For some of the variables we can observe a right-skewedness. In right skewed distributions, the mean is typically higher than the median which is being confirmed by the output above. Here better use first and third quartiles, since these will give some sense of the asymmetry of the distribution.
aggregate(data$median_house_value, list(data$ocean_proximity), FUN=mean)
## Group.1 x
## 1 INLAND 12.31949
## 2 <1H OCEAN 22.37242
## 3 NEAR BAY 23.59176
## 4 NEAR OCEAN 22.67112
## 5 ISLAND 38.04400
My assumptions (proximity to water = pricier) from earlier got confirmed. Although bay seems to be more costly than near ocean. Seems to be specific for San Francisco, as bay is huge and pretty (I assume, was also there but can’t recall). Checked coordinates manually on map.
data_correlation_matrix <- data[, c(1,2,3,4,5,6,7,8)]
data_correlation_matrix_rounded <- cor(data_correlation_matrix)
round(data_correlation_matrix_rounded, 2)

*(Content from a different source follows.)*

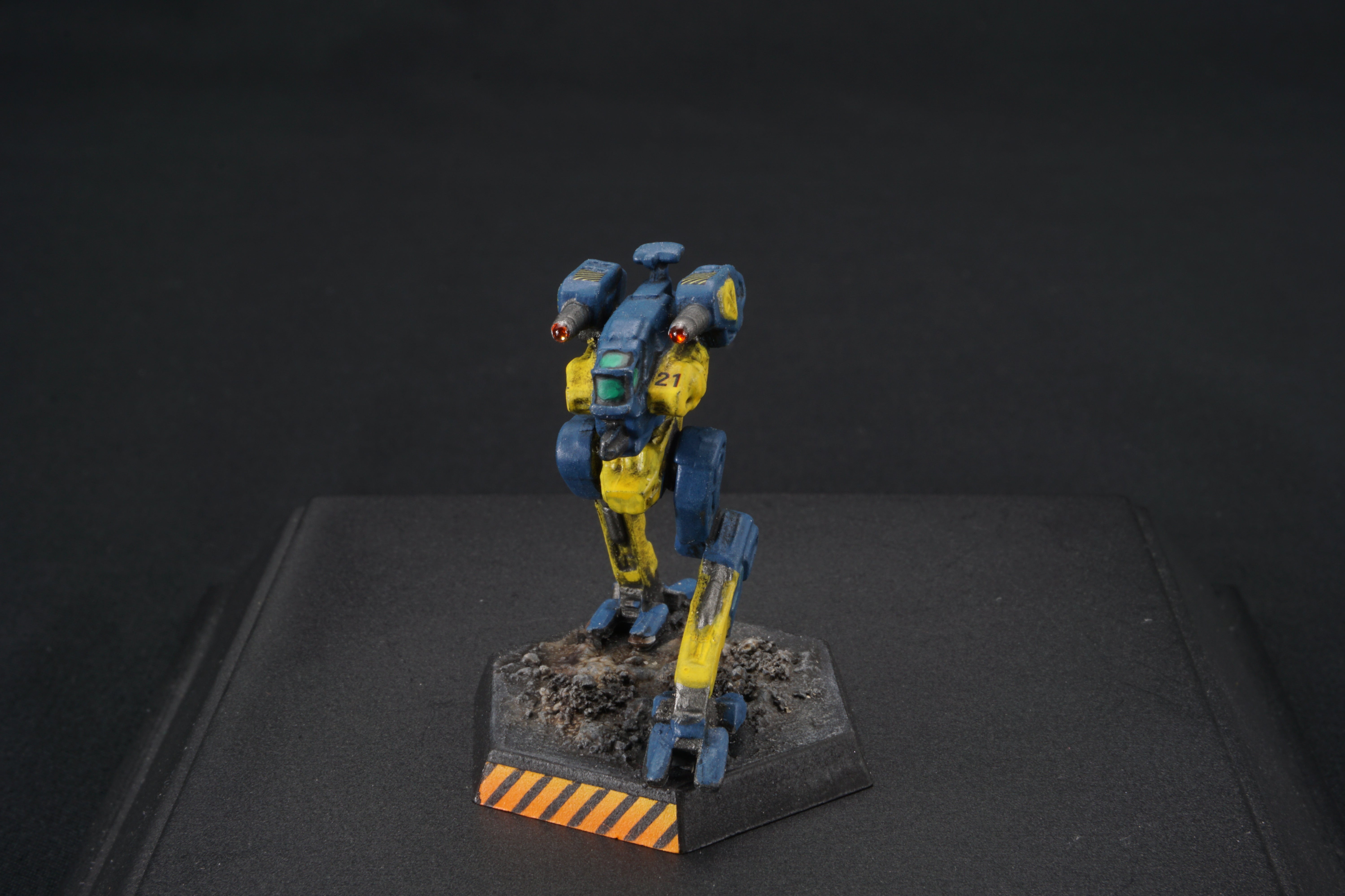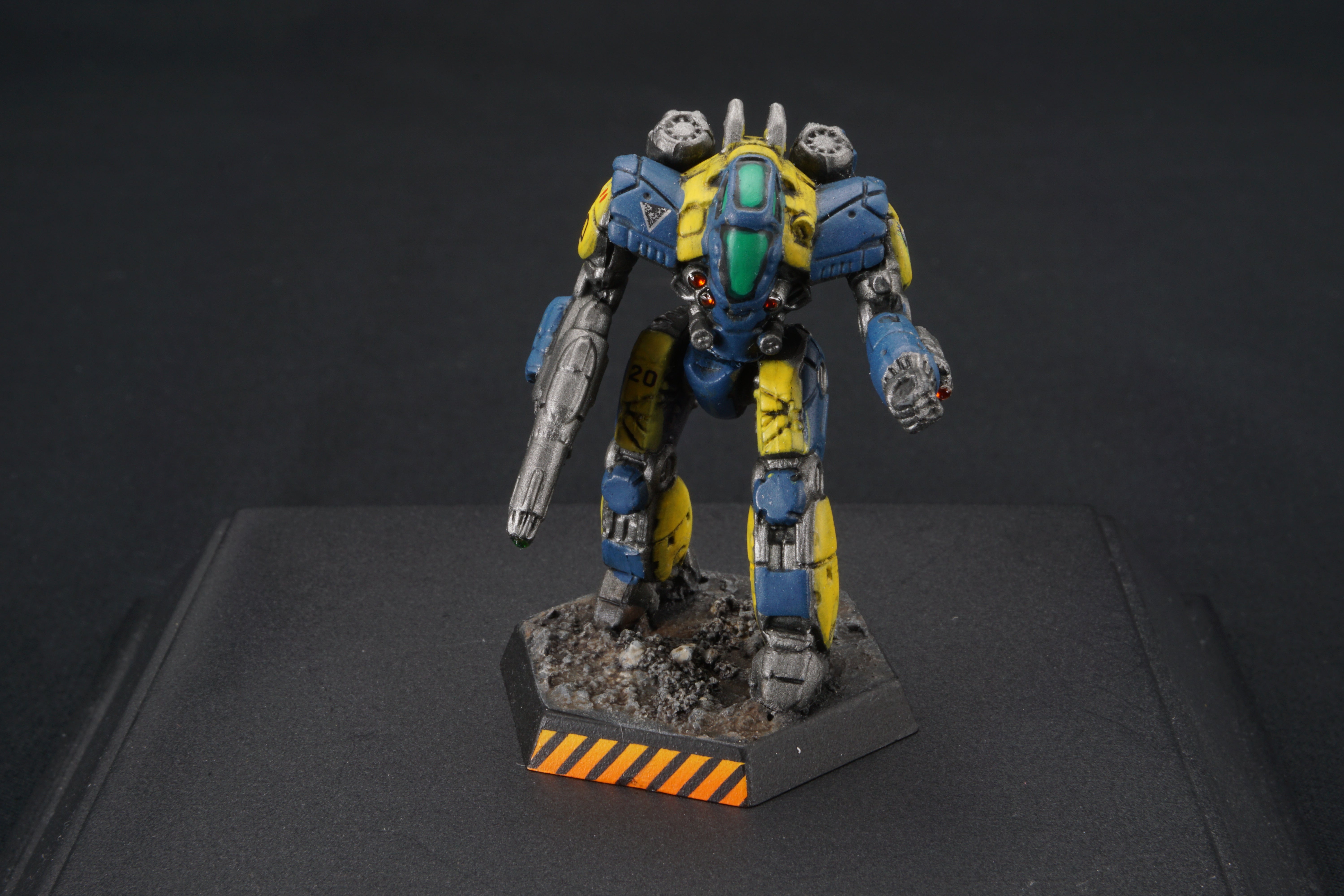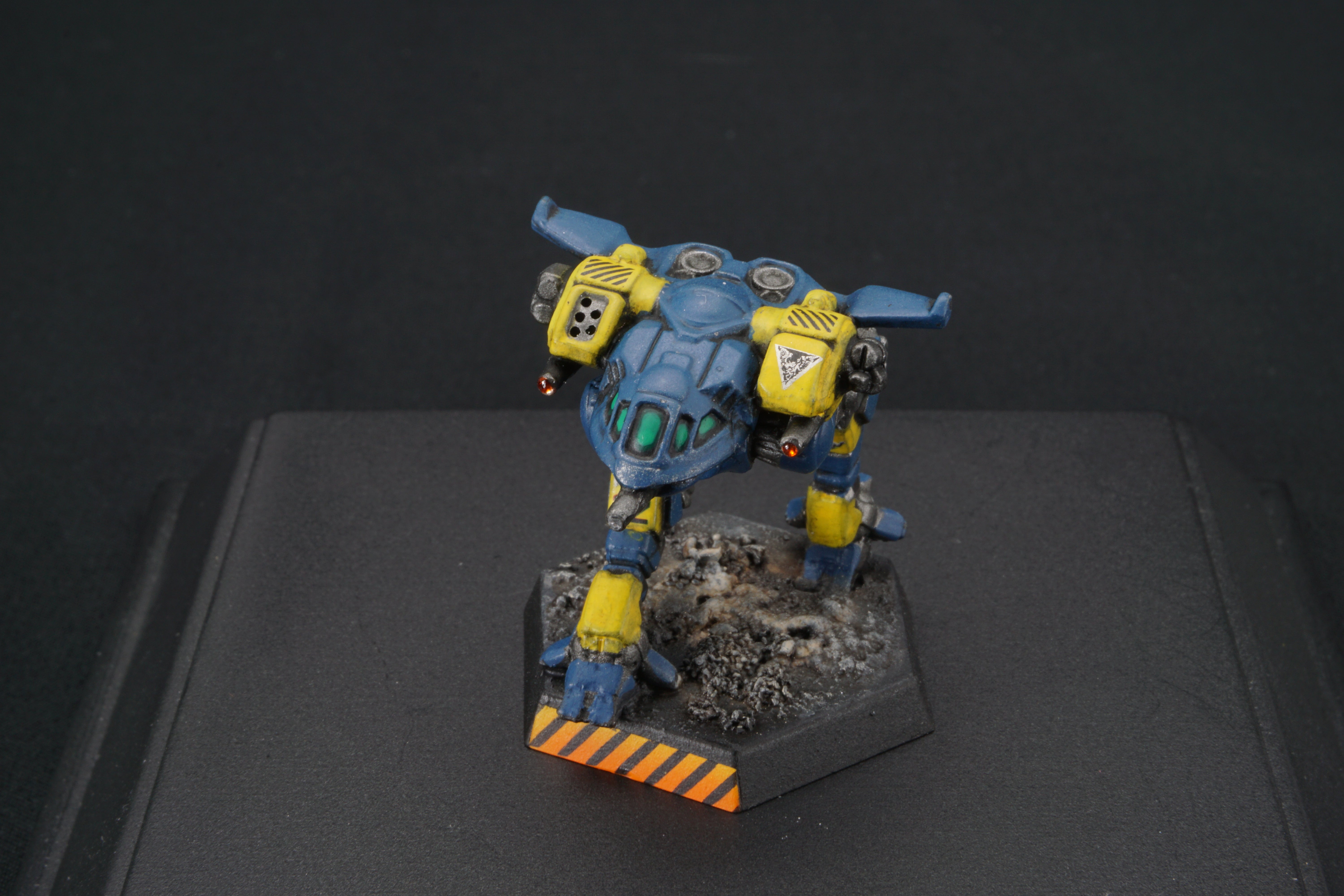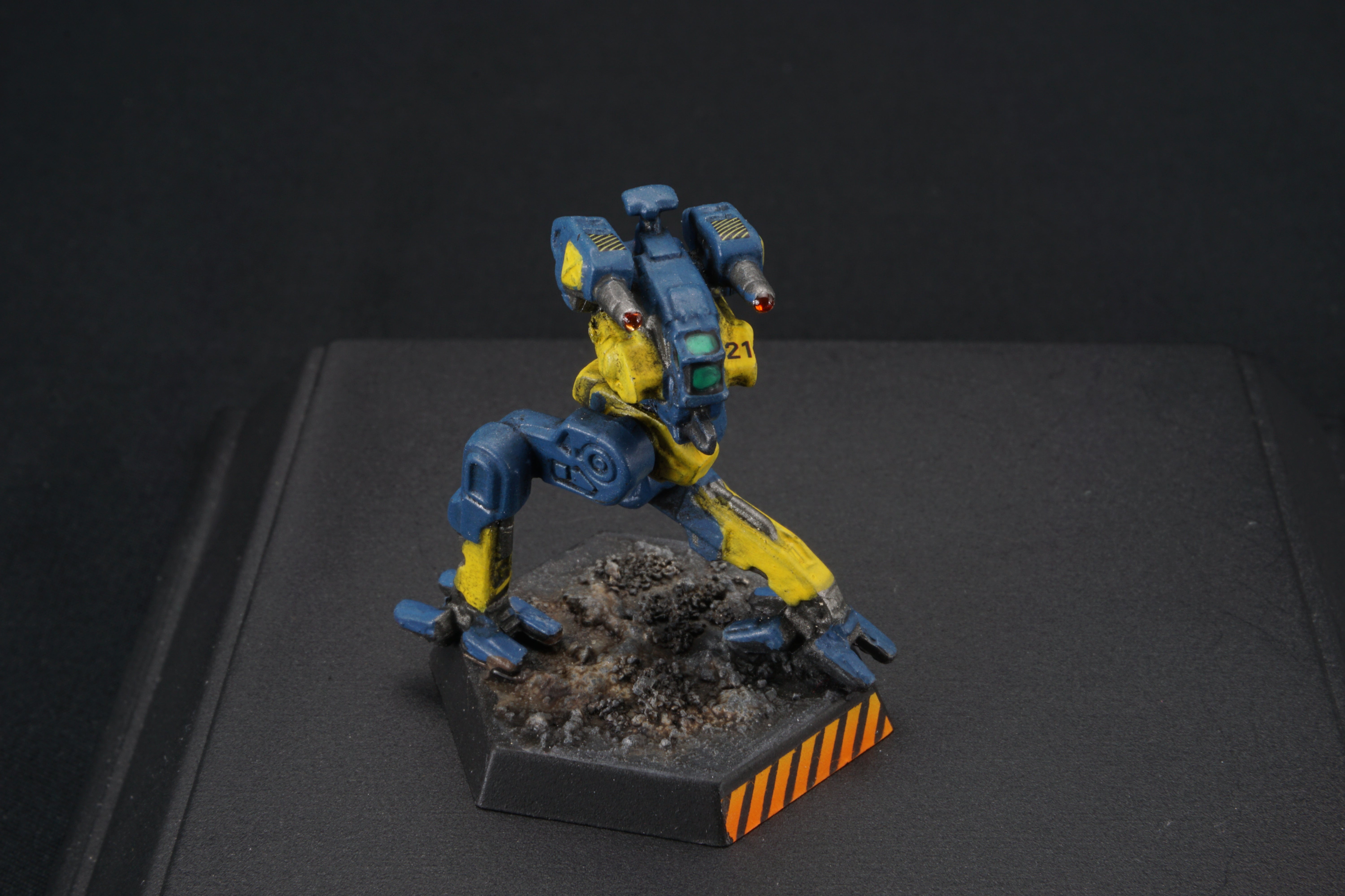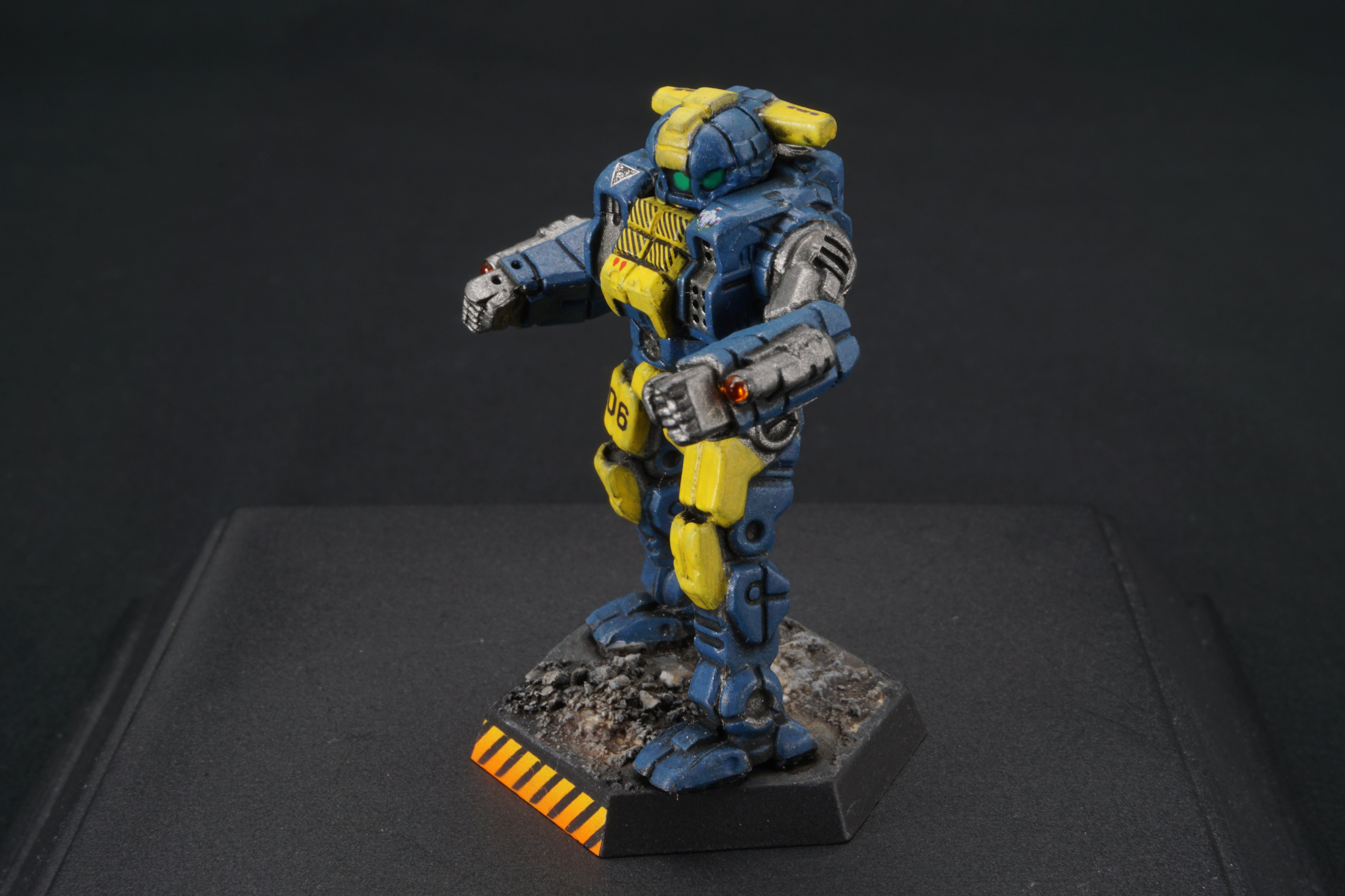 Each miniature base is painted to facilitate easy customization - so you can match your mechs to your terrain at home - add desert scrub and dust, or add snow, or green foliage.  I've provided a base that should work with anything from forests to urban environments.

## longitude latitude housing_median_age total_rooms population
## longitude 1.00 -0.92 -0.10 0.04 0.10
## latitude -0.92 1.00 0.01 -0.03 -0.11
## housing_median_age -0.10 0.01 1.00 -0.37 -0.29
## total_rooms 0.04 -0.03 -0.37 1.00 0.86
## population 0.10 -0.11 -0.29 0.86 1.00
## households 0.06 -0.07 -0.31 0.92 0.91
## median_income -0.01 -0.08 -0.20 0.22 0.04
## median_house_value -0.05 -0.15 0.07 0.14 0.01
## households median_income median_house_value
## longitude 0.06 -0.01 -0.05
## latitude -0.07 -0.08 -0.15
## housing_median_age -0.31 -0.20 0.07
## total_rooms 0.92 0.22 0.14
## population 0.91 0.04 0.01
## households 1.00 0.05 0.10
## median_income 0.05 1.00 0.65
## median_house_value 0.10 0.65 1.00
Comment on the resulting table with one sentence. [✓]
Districts on the island make up too small of an amount to have an impact, other than that the distribution is not too bad, considering near bay and near ocean could be combined as it has similar value for inhabitants.